Why does "mypy" consider "int" as a subtype of "float"? A subtype shall support all methods of its supertype, but "float" has methods, which "int" does not support:
test.py:
def f(x : float) -> bool:
return x.is_integer()
print(f(123.0))
print(f(123))
The static type checker accepts passing an "int" argument for a "float" parameter:
(3.8.1) myhost% mypy test.py
Success: no issues found in 1 source file
But this does not guarantee, that there are no errors at runtime:
(3.8.1) myhost% python test.py
True
Traceback (most recent call last):
File "test.py", line 5, in <module>
print(f(123))
File "test.py", line 2, in f
return x.is_integer()
AttributeError: 'int' object has no attribute 'is_integer'
because "float" has additional methods, which "int" does not have.
'Why does "mypy" consider "int" as a subtype of "float"?'
Because practicality has so far been considered to beat purity here.

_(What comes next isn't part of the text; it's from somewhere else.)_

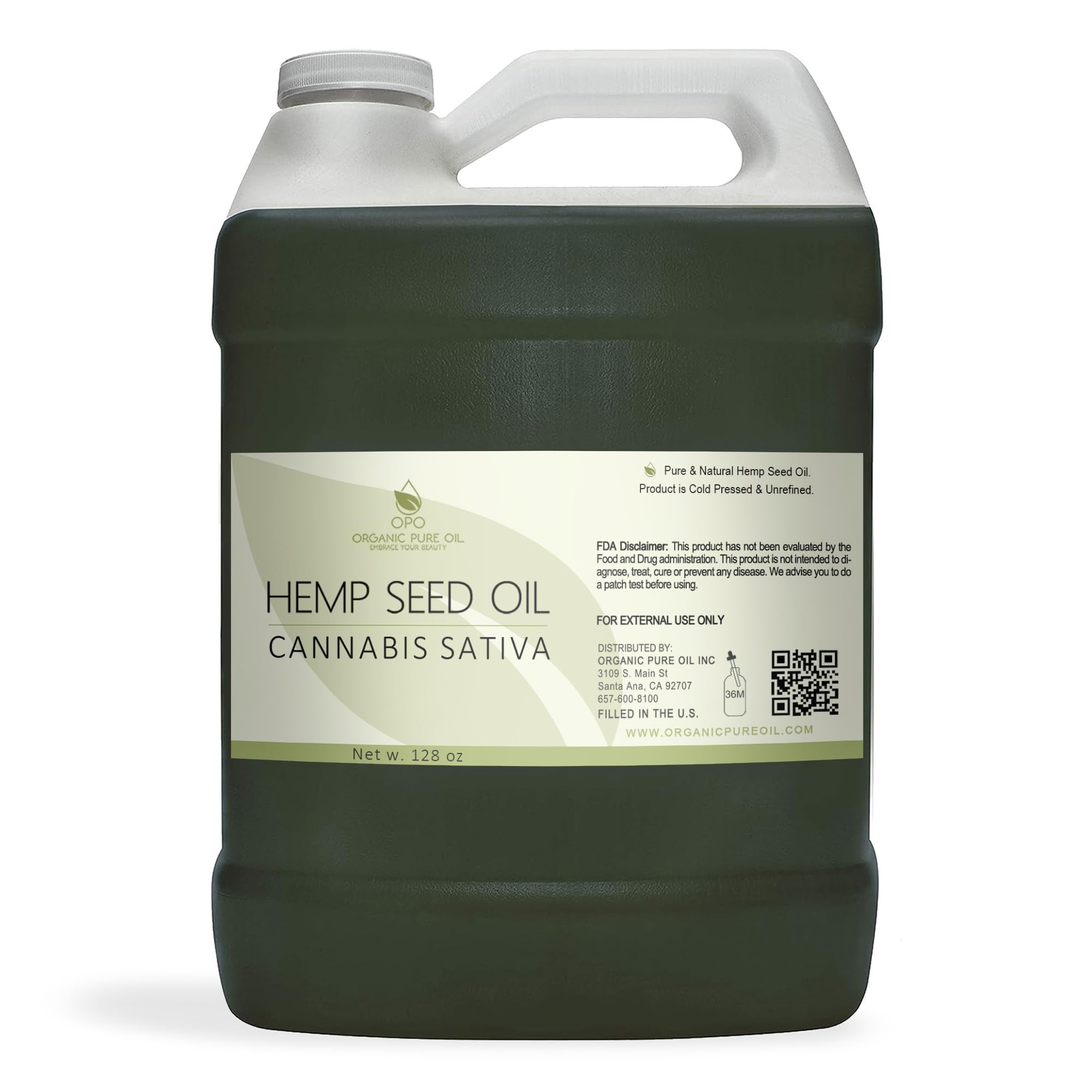 Hemp Seed Oil - 100% Pure Unrefined Cold Pressed Organically Sourced All-Natural Non-GMO Extra Virgin Undiluted Carrier Oil - Bulk 128 oz / 1 Gallon - Tinctures Blends DIY Essential Oils
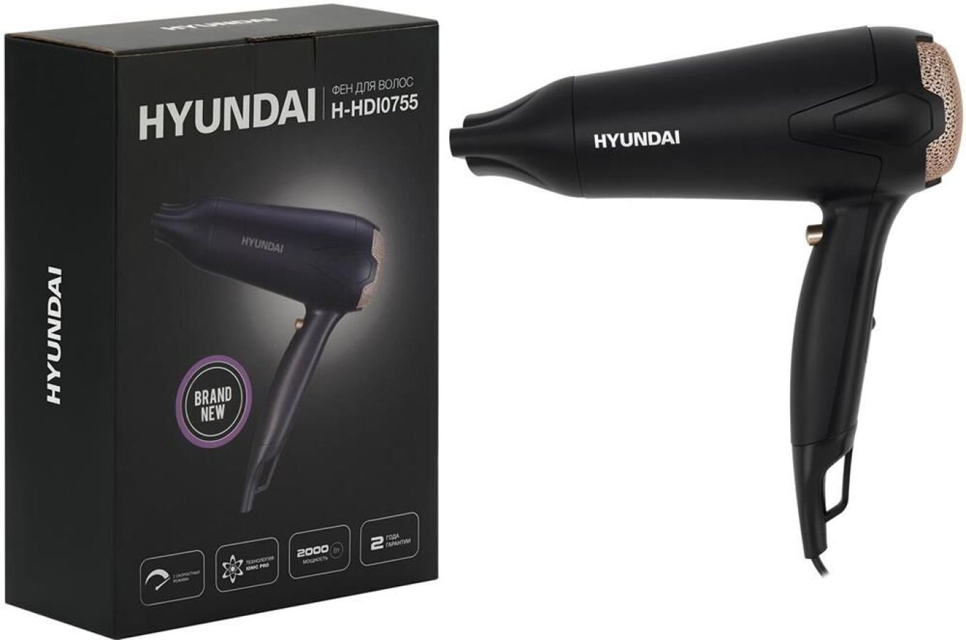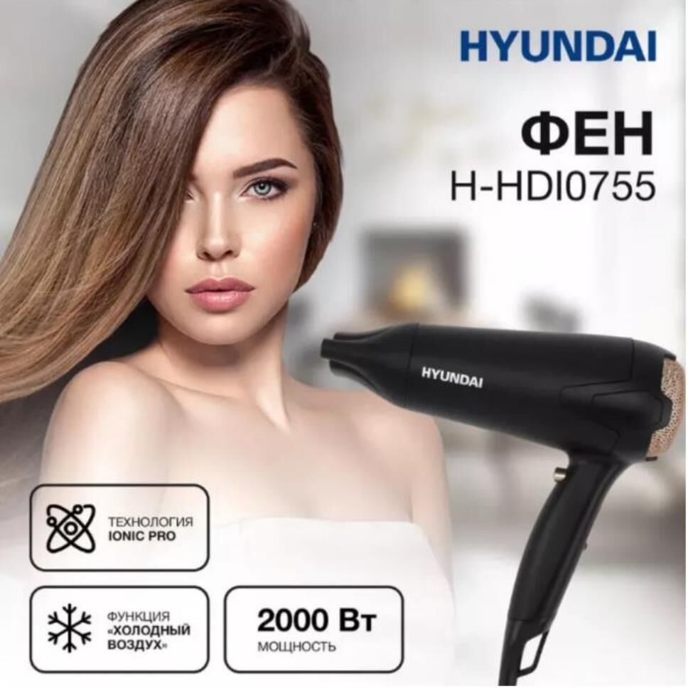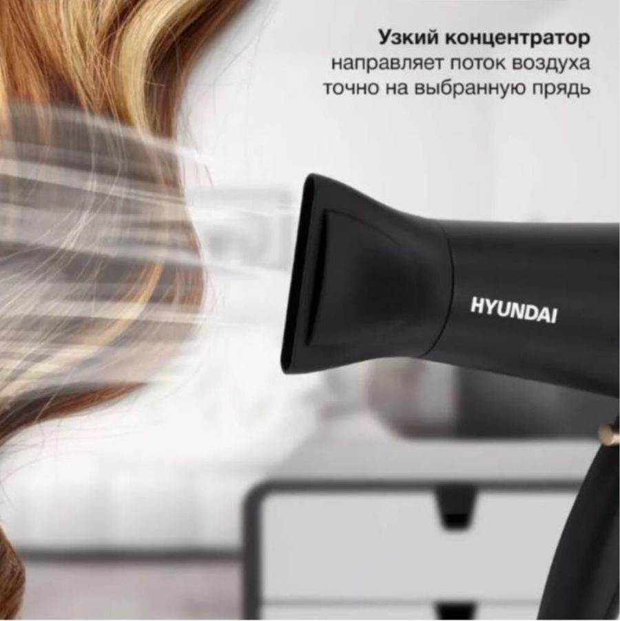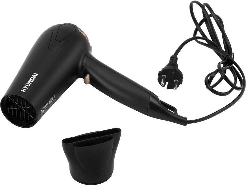 Бренд; HYUNDAI; Цвет товара; черный; Тип; фен; В комплекте; концентратор; Дорожный; да; Мощность фена; 2000 Вт; Количество режимов; 3; Количество режимов нагрева; 3; Количество скоростей; 2; Дополнительные функции; ионизация, подача холодного воздуха; Особенности; ионизация, съёмная решётка, холодный обдув; Длина сетевого шнура; 1.8 м

This is not to say that one could not propose that typing define a Scalar type that would include ints and floats but only be valid for arithmetic operations.
Note that int / int was changed in 3.0 so that float(int / int) == float(int) / float(int), to make int and float arithmetic consistent for equal int and float values.
Note also that a type-check passing does not mean no runtime errors: division by zero and overflow are still possible, as well as many others.